Wong predicted that if the bill is not fully withdrawn and key officials resign, then protests could continue, particularly on July 1, the anniversary of the city’s handover from British to Chinese rule and a key annual date for pro-democracy marches.

One of Wong’s first actions Monday was to pay his respects at a memorial in Admiralty, near the main site of the protests, where a man fell to his death Saturday after climbing a shopping mall and displaying signs calling for the withdrawal of the extradition bill.

Hong Kong pro-democracy activist Joshua Wong (left), who was just released from jail, walks past flower tributes at a makeshift memorial site for a protester who fell to his death while hanging banners against a controversial extradition law proposal on June 15, in Hong Kong on June 17, 2019.
Hong Kong pro-democracy activist Joshua Wong (left), who was just released from jail, walks past flower tributes at a makeshift memorial site for a protester who fell to his death while hanging banners against a controversial extradition law proposal on June 15, in Hong Kong on June 17, 2019.
PHOTO: DALE DE LA REY/AFP/AFP/Getty Images

Wong’s political party, Demosisto, has been among several youth groups – all of which have their roots in the 2014 Umbrella Movement – playing a big role in the protests against the extradition bill, which have been ongoing for weeks.
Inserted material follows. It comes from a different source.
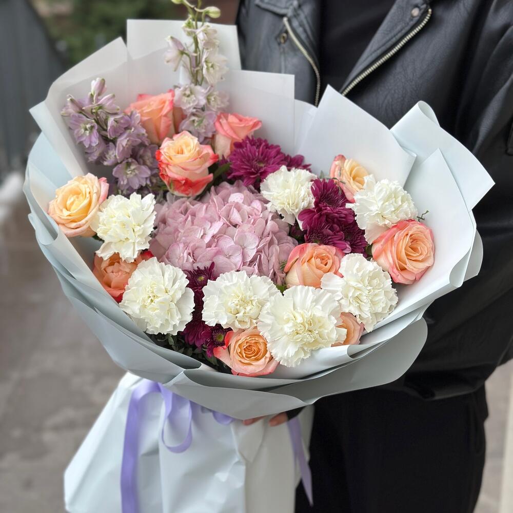 Hydrangea - 1 pcs Matthiola - 2 pcs Chrysanthemum bush - 3 pcs Dianthus - 7 pcs roses - 11 pcs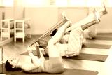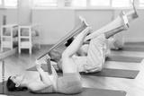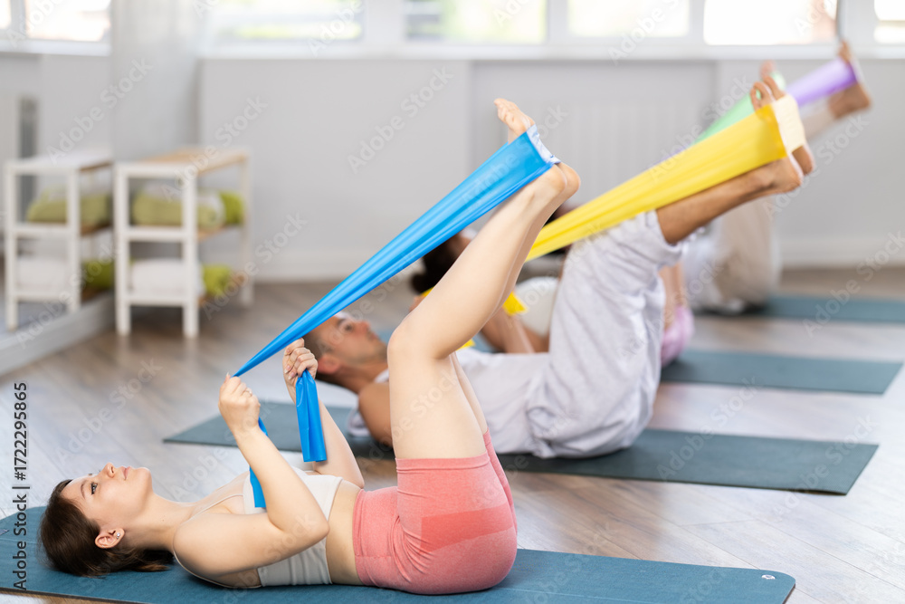 Slender young girl doing press with resistance band on legs lying on the floor in pilates studio in group

In a statement Saturday after Lam said she was suspending passage of the controversial bill. Demosisto said Hong Kongers should “demand that the bill be shelved for good, stand against political prosecution of protesters, condemn police brutality, and call for Lam’s resignation.”

“That Lam continues to blame the bill’s widespread opposition as a result of Hong Kongers’ misunderstanding of it is also condescending,” Demosisto said Saturday. “Our movement may have won a battle, but the war is not yet over. We urge the international community not to turn away.”
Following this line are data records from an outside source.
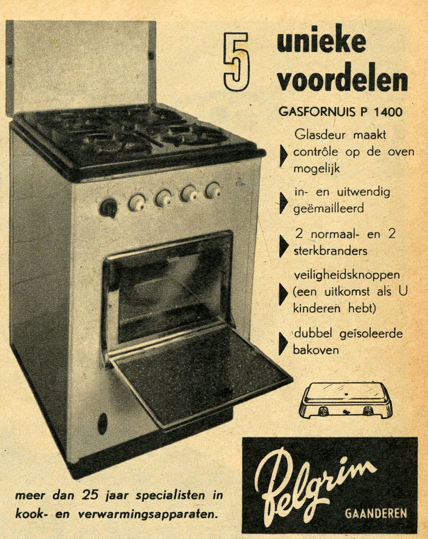 Slogan: Pelgrim, meer dan 25 jaar specialisten in kook- en verwarmingsapparaten.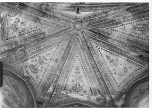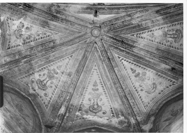 Fasce decorative, floreali e geometriche, corrono sui costoloni o lungo i bordi delle vele; al centro delle vele un motivo "a grottesca" in delicati toni di azzurro, grigio, senape e rosso scuro su fondo bianco. Nelle lunette sono dipinte tesine di angeli. Sulla parete del lato centrale è visibile parte dell'intonaco graffito.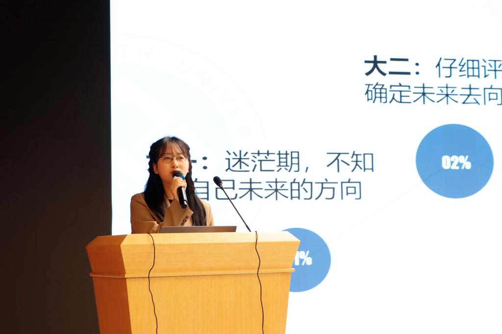 大会第一环节,由全网30万+粉丝,知乎金融领域top10的优秀博主、优秀员工郭长鸣学长进行大金融领域的职业规划分享。他从商科领域就业方向和其发展前景展开介绍,并认为“选择大于努力”,带有目标的努力才是正确的,希望同学们能够早日做好规划并为之付出努力。

Wong appeared cognizant of that community in his statements Monday, speaking in Cantonese, English and Mandarin. He also thanked supporters in Taiwan, where the Hong Kong protests have become a major issue in the island’s presidential election, creating yet another headache for Beijing.

Born in 1996, eight months before control of Hong Kong was handed over from the UK to China, Wong has spent most of his adolescence and all of his early adulthood fighting for the city’s rights against what he and others say is increasing encroachment by Beijing.

A student leader during 2014’s Occupy protests – which called for universal suffrage in Hong Kong – Wong became something of an international figurehead for the movement, and even appeared on the cover of Time magazine. His role in the protests later became the subject of the 2017 Netflix documentary, “Teenager vs. Superpower.”